» **DATA SUPPLIED**
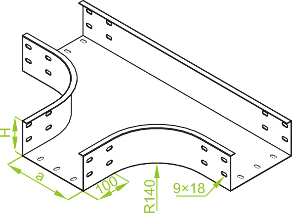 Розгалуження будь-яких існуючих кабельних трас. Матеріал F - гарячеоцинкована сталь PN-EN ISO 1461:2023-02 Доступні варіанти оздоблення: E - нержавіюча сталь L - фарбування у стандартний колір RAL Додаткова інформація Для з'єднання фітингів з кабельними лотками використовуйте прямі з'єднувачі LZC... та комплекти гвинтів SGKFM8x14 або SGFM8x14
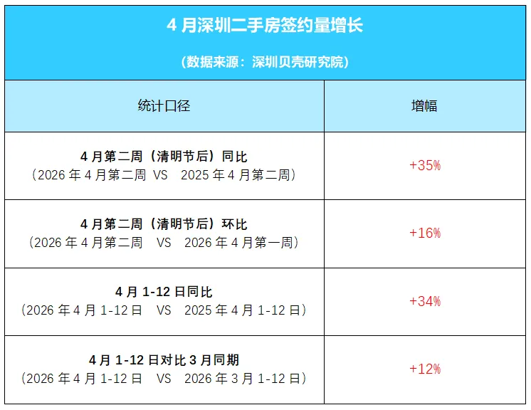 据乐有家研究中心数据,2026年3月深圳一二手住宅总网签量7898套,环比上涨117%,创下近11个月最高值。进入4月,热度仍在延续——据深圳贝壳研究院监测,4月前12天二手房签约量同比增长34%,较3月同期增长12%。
--
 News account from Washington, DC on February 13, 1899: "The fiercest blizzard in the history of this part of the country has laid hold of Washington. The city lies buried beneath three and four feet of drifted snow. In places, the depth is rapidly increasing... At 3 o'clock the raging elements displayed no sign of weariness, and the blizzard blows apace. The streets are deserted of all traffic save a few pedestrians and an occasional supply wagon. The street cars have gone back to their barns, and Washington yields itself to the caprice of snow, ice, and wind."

» **WHAT IS BEING ASKED**
Copy word for word the span of the records above that begins at the line with "Розгалуження будь-яких існуючих" and ends at the line with "据乐有家研究中心数据,202", including those two lines but not the pictures.

» **FINISHED TASK**
 Розгалуження будь-яких існуючих кабельних трас. Матеріал F - гарячеоцинкована сталь PN-EN ISO 1461:2023-02 Доступні варіанти оздоблення: E - нержавіюча сталь L - фарбування у стандартний колір RAL Додаткова інформація Для з'єднання фітингів з кабельними лотками використовуйте прямі з'єднувачі LZC... та комплекти гвинтів SGKFM8x14 або SGFM8x14
 据乐有家研究中心数据,2026年3月深圳一二手住宅总网签量7898套,环比上涨117%,创下近11个月最高值。进入4月,热度仍在延续——据深圳贝壳研究院监测,4月前12天二手房签约量同比增长34%,较3月同期增长12%。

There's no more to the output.